The highest mean score (4.7) was recorded for the statement regarding intention to continue using reflective methods, indicating durable motivational impact. Open-ended responses highlighted that reflective journaling was initially perceived as time-consuming but became routine within three to four weeks. The statement «Peer-feedback cycles improved my teaching practice» received a mean of 4.5, reflecting the importance of collegial interaction in building reflective competence. Overall, 91 % of participants agreed that reflective tasks made lessons more engaging, confirming the practical relevance of the proposed approach. The lowest mean (4.3) was recorded for confidence in self-assessment, suggesting that this dimension requires longer-term cultivation and may be revisited in future programme iterations.
Pedagogical Experiment
The pedagogical experiment was conducted during the second semester of the 2023–2024 academic year at two secondary schools in Karaganda. The experimental group (n = 28) underwent a twelve-week reflective skills training programme including: structured reflective journaling with weekly prompts (What did I plan? What happened? What will I change?); peer observation and feedback cycles using a four-criterion protocol; video-stimulated recall sessions; reflective portfolio compilation; and bi-weekly group reflection seminars. The control group (n = 26) received standard methodological support without structured reflective components.

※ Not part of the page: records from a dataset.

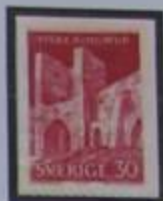
Muralla circular en Visby, Puerta Norte.
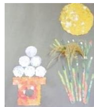
共同制作 (新聞のちぎり絵)
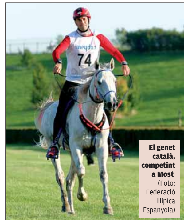
El genet català, competint a Most

possible i complint les condicions veterinàries fixades a l'inici de la prova. Es premia la bona preparació física de l'animal, que no pot superar un nombre mínim de pulsacions per minut establertes amb anterioritat, ni acabar deshidratat o coix. Es pot treure la victòria a un genet si el seu cavall acaba la cursa en mal estat.
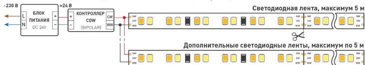
Схема 1. Подключение нескольких светодиодных лент с одной стороны.

Максимальная длина подключения ленты – 5 м (1 катушка).
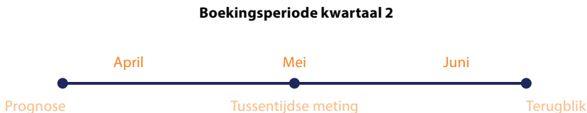
Figuur 3 De tijdslijn van een boekingsperiode kent drie meetmomenten: prognose, tussentijdse meting en terugblik

De drie financiële overzichten (balans, winst-en-verliesrekening en liquiditeitsoverzicht) worden opgesteld voor een boekingsperiode. In een boekingsperiode bestaan een prognose, een tussentijdse meting en een terugblik op de drie financiële overzichten.

Both groups were pre-tested and post-tested using a validated Reflective Competence Scale (1–4 points, adapted from Bizyaeva [6]). Groups were statistically equivalent at baseline (p > 0.05, Mann–Whitney U-test). Lesson planning quality was assessed by two independent expert observers blind to group membership. Professional self-assessment accuracy was measured by calculating the discrepancy between teacher self-ratings and observer ratings; a lower discrepancy indicates higher accuracy. Results are presented in Table 3.
Table 3.
Pre- and post-test results by group (mean scores, scale 1–4)
|
Indicator |
Experimental group (n = 28) |
Control group (n = 26) |
Difference |
|
Reflective competence — pre-test |
2.3 |
2.4 |
−0.1 |
|
Reflective competence — post-test |
3.8 |
2.7 |
+1.1 * |
|
Self-regulation skills |
3.7 |
2.6 |
+1.1 * |
|
Lesson planning quality |
3.9 |
2.8 |
+1.1 * |
|
Professional self-assessment accuracy |
3.6 |
2.5 |
+1.1 * |
Note: * p < 0.05, Mann–Whitney U-test. All post-test between-group differences are statistically significant.

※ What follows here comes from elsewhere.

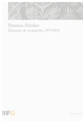
PREMIOS PRITZKER Discursos de aceptación, 1979-2015 Varios autores Fundación Arquia, 2015 Texto en español/287 págs.

The experimental group demonstrated a gain of 1.5 points in reflective competence, compared to 0.3 points in the control group. Effect size (Cohen’s d = 0.87) indicates a large practical effect. Qualitative data from lesson observations confirmed that experimental group teachers more frequently adjusted instruction mid-lesson in response to student feedback — a hallmark of reflexive management [2]. The reflective-project sequences produced by experimental group participants showed measurably greater alignment between planned objectives and implemented activities by week eight of the programme. These results are consistent with the theoretical positions of Kulyutkin [8] and Slastenin [9] regarding the centrality of reflection in teacher professional development.
Conclusion
The present study demonstrates that systematic reflective training substantially improves the reflective competence and self-regulation skills of foreign language teachers. The pedagogical experiment confirmed statistically significant gains across all measured indicators (p < 0.05, Cohen’s d = 0.87). Survey data showed high participant satisfaction (mean 4.5 / 5) and strong intention to sustain reflective practice. The integration of group reflection seminars and reflective-project sequences proved particularly effective in accelerating the transition from lower to higher levels of reflective skill formation. Future research should investigate the long-term retention of reflective skills and examine the direct impact of teacher reflective competence on student achievement in EFL classrooms.